What I do is that I find $\nabla f \ (x_0 , y_0 , z_0)$ and $\nabla g \ (x_0 , y_0 , z_0)$ and then calculate $\nabla f \times \nabla g$. For this example I checked it for $(1,1,3)$ and it gave me $(2,-2,-2)$ which is actually $\frac{1}{\sqrt 3}(1,-1,-1)$ and it is right.
Does this hold for every situation where we have two equations of two surfaces? Is this because gradient is perpendicular to surface?
Best Answer
Yes, that's (almost) correct. I say "almost" because it's possible to have a pair of surfaces that intersect nicely, but for which one or both gradients is zero. The correct statement is not that the gradient of the defining function is perpendicular to the surface, but rather that for every tangent vector $v$ to the surface, $\langle v , \nabla f (x_0, y_0, z_0) \rangle = 0$; those are almost identical, unless the gradient is zero. If it's zero, we don't generally say that it's "perpendicular to the surface". (Also: at places where the gradient is zero, it's possible that the solution-set to your equation is not "surface-like" -- it might have a corner or be otherwise degenerate.)
Consider $x^2 + y^2 + z^2 = 1$ and $x = 0$, at the point $(0, 1, 0)$; if you do your computations as before, everything works out perfectly.

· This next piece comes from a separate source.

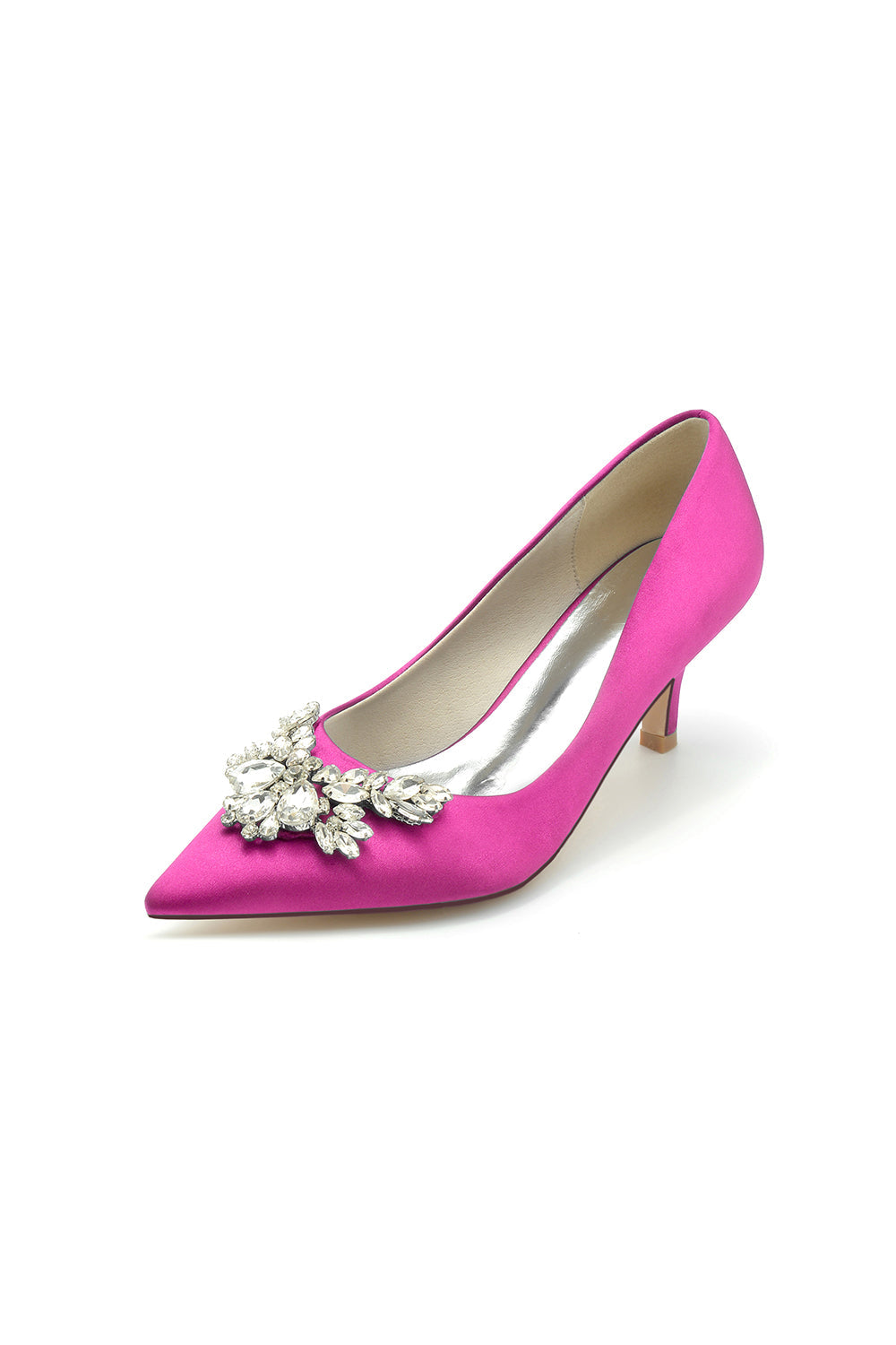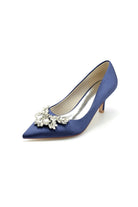 Add a touch of glamour to your wardrobe with the Rhinestone Pointed Toe Satin Kitten Heels. It is made with a luxurious satin upper, these heels exude refinement, while the artificial leather lining ensures comfort throughout the day. The slip-on style makes them easy to wear, and the durable rubber sole offers excellent traction. The sleek 2.16-inch kitten heel provides just the right amount of height for comfort and poise, while the pointed toe design adds sophistication and elongates the legs.?Featuring elegant rhinestone embellishments, these heels bring a subtle sparkle to any outfit, making them ideal for both formal and casual occasions.?

But now consider $x^2 + y^2 + z^2 = 1$ and $\color{red}{x^2} = 0$ (which is exactly the same pair of surfaces) at the point $(0, 1, 0)$; if you do your computations as before, the gradient of the second function, $f(x, y, z) = x^2$, is $(0,0,0)$ at the point $(0,1,0)$, hence doesn't yield the direction vector for the tangent line that you're seeking.